WRD PROJECT #: MD127
PROJECT CHIEF: Greene, Earl A.
BEGIN DATE: 01-March-2000
END DATE: 30-September-2002

Customers currently supporting the project:

U.S. Environmental Protection Agency

Problem

The USGS and the US EPA's Regional Vulnerability Assessment Program (ReVA) are teaming together to provide information for a regional-scale, integrated ecological risk assessment study. Logistic regression analysis will be used to determine the relationship between surficial ground-water quality and a number of factors, such as land-use, well depth, geology, and population density. Existing USGS and state agency water-quality data covering the US EPA Region 3 area (Pennsylvania, West Virginia, Virginia, Maryland, D.C., New Jersey, and Delaware) will be examined. Results of the analysis will be used to determine the current condition of ground-water quality at a regional scale and to generate probability maps of aquifer susceptibility and ground-water vulnerability. By applying the groundwater-quality model to cooperating ReVA scientists' alternative future land-use scenarios, ground water-at-risk from land-use changes can be forecasted. The methods employed in this study will be applicable to future regional vulnerability assessments.

Objectives

  1. Determine the current condition of ground-water quality in the surficial aquifer influenced by non-point sources at the watershed and regional scales and generate surficial aquifer susceptibility and ground-water vulnerability maps at a regional scale.
  2. Identify areas of greater statistical uncertainty pertaining to the health of ground water for assistance in improving/designing a monitoring program that could be used to forecast ground-water at risk from land-use changes.

Approach

FY00 Activities

Database Development-Water-quality data needed for the study would be obtained form existing USGS data stored in ground water well site files (GWSI) and water-quality data (QWDATA) databases. These databases contain information obtained from NAWQA studies, Statewide ground-water quality networks, and individual projects. Geology and land-use data (explanatory variables) will be obtained for the study area. Other data such as well construction and location and field water-quality parameters (pH, specific conductance, etc) will also be obtained to correlate the presence or absence of selected ground-water quality parameters (response variables) to explanatory variables.

Logistic-Regression Method Development-This method is a statistical analysis used to predict the response (presence/absence) of selected water-quality parameters from independent explanatory variables (land-use, population, field parameters, etc). For this investigation, logistic-regression will be used to develop equations that use explanatory variables to predict the presence of nitrate, pesticides, and/or other water-quality parameters in concentrations above a specified threshold value. The resulting equations will be transformed to predict the probability, P (X), of a water-quality parameter being above a particular threshold value for application in ecological risk assessment studies.

FY01 Activities

Logistic-Regression Analysis continued -It is anticipated additional work will be needed to develop equations that use explanatory variables to predict the presence of water-quality parameters that are of interest to other ReVA researchers.

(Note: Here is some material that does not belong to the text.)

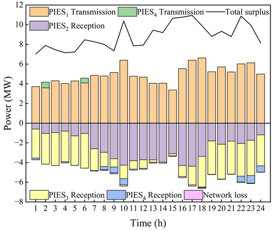 Each PIES under the scenario 1 setting operates independently to optimize its economy to meet the demand of various types of loads, and obtains the surplus power of each park, and the need for the external grid to provide power to cover the shortage, as shown in Figure 7.

Determine and Create Uncertainty Maps-From the logistic-regression analysis it will be possible to determine rank correlation between the predicted probabilities of water-quality and observed (sampled) values. Several statistical procedures exist to determine the confidence intervals about correlation coefficients. These intervals will be important in determining how confident we are in the predicted probability values. The larger the interval, the greater the uncertainty. For example it may be possible to obtain a high rank correlation coefficient, but yet have such a large confidence interval that the probability map generated would have little meaning.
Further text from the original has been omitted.